→ **Exercise data**
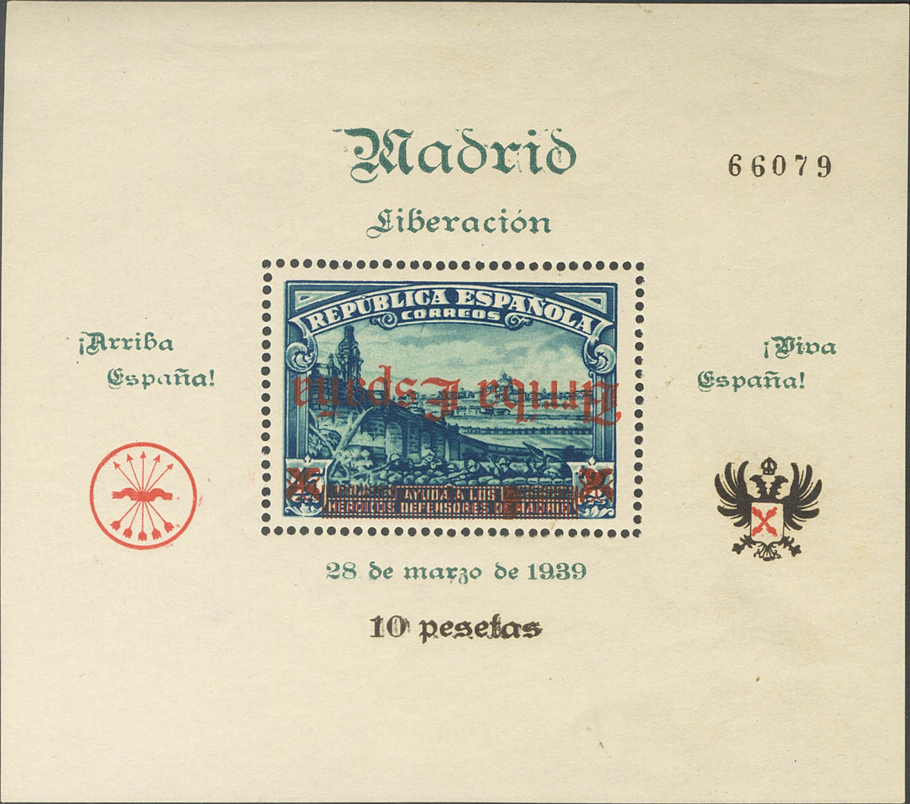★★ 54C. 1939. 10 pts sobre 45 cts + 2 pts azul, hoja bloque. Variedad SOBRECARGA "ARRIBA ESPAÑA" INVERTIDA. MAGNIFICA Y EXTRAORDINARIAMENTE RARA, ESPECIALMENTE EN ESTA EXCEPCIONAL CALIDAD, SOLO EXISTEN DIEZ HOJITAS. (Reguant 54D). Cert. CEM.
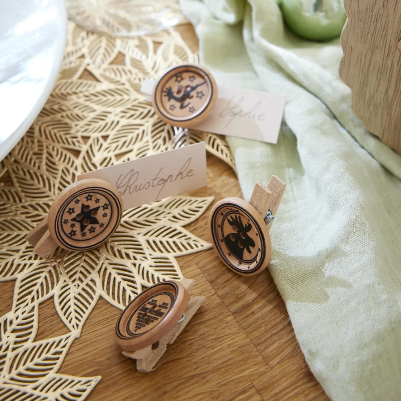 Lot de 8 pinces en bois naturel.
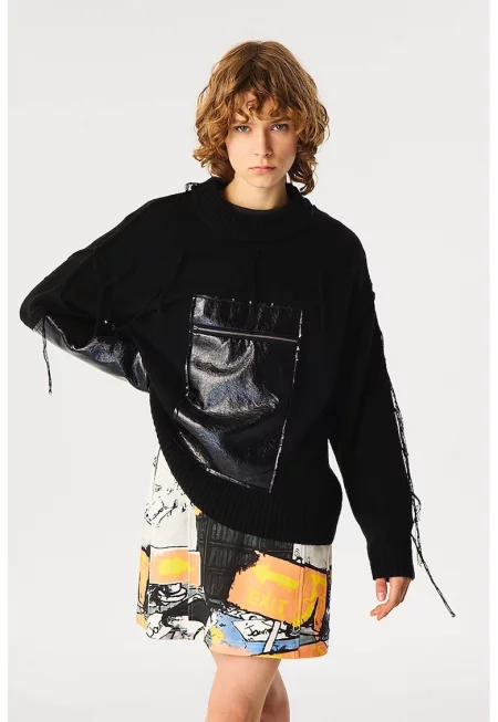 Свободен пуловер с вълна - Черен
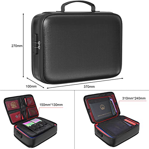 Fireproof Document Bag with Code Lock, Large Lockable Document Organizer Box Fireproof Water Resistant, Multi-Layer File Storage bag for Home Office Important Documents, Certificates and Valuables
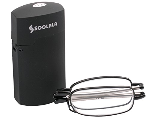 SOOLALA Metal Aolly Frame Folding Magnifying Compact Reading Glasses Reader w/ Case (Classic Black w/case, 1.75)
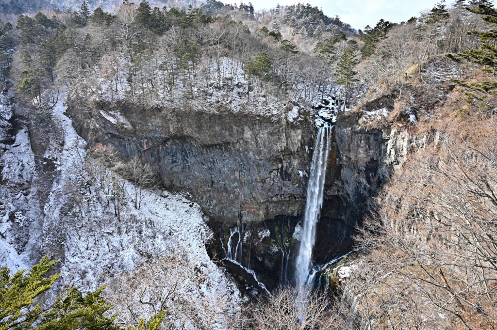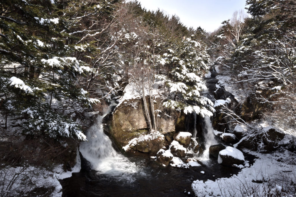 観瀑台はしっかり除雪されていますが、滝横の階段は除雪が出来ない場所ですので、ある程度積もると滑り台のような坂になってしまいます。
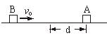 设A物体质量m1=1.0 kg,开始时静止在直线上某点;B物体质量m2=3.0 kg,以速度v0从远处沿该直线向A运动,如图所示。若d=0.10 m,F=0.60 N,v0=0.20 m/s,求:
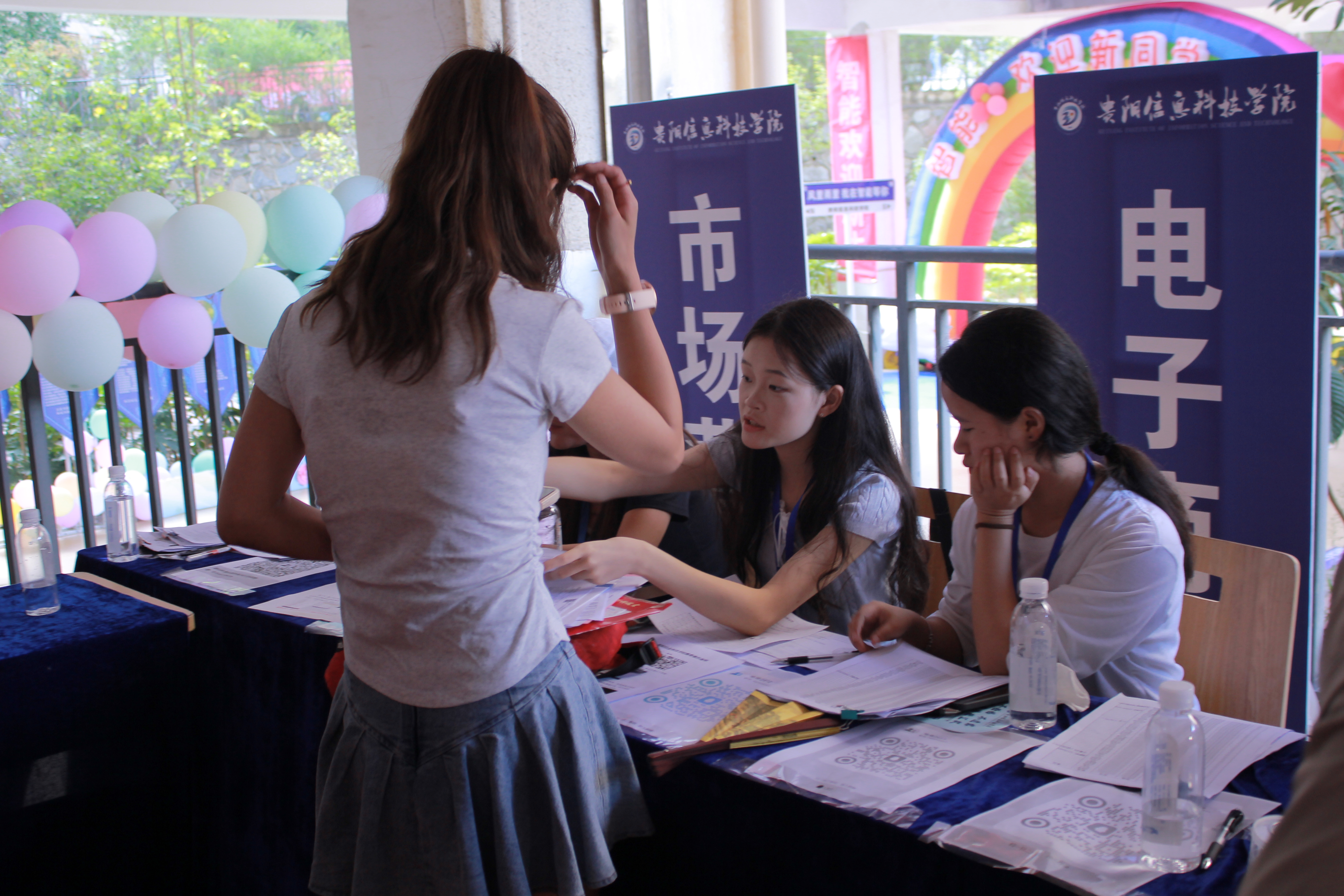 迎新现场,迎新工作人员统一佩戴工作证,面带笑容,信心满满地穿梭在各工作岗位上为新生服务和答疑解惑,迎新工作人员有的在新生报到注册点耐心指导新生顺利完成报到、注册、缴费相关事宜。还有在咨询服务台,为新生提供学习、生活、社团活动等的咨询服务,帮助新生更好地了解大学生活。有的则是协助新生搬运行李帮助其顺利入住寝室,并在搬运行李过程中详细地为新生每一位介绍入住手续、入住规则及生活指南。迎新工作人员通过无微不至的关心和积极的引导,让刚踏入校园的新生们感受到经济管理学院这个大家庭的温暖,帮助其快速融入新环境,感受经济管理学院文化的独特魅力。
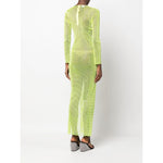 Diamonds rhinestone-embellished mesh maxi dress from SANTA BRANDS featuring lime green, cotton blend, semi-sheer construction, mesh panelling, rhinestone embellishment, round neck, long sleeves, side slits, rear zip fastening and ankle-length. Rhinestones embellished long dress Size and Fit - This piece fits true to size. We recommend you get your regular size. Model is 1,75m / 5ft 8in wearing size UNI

→ **Action item**
The stretch to restate runs from the line above containing "Свободен пуловер с вълна - Черен" through the line containing "迎新现场,迎新工作人员统一佩". Copy it word for word, ends included, without pictures.

→ **Solution to the exercise**
 Свободен пуловер с вълна - Черен
 Fireproof Document Bag with Code Lock, Large Lockable Document Organizer Box Fireproof Water Resistant, Multi-Layer File Storage bag for Home Office Important Documents, Certificates and Valuables
 SOOLALA Metal Aolly Frame Folding Magnifying Compact Reading Glasses Reader w/ Case (Classic Black w/case, 1.75)
 観瀑台はしっかり除雪されていますが、滝横の階段は除雪が出来ない場所ですので、ある程度積もると滑り台のような坂になってしまいます。
 设A物体质量m1=1.0 kg,开始时静止在直线上某点;B物体质量m2=3.0 kg,以速度v0从远处沿该直线向A运动,如图所示。若d=0.10 m,F=0.60 N,v0=0.20 m/s,求:
 迎新现场,迎新工作人员统一佩戴工作证,面带笑容,信心满满地穿梭在各工作岗位上为新生服务和答疑解惑,迎新工作人员有的在新生报到注册点耐心指导新生顺利完成报到、注册、缴费相关事宜。还有在咨询服务台,为新生提供学习、生活、社团活动等的咨询服务,帮助新生更好地了解大学生活。有的则是协助新生搬运行李帮助其顺利入住寝室,并在搬运行李过程中详细地为新生每一位介绍入住手续、入住规则及生活指南。迎新工作人员通过无微不至的关心和积极的引导,让刚踏入校园的新生们感受到经济管理学院这个大家庭的温暖,帮助其快速融入新环境,感受经济管理学院文化的独特魅力。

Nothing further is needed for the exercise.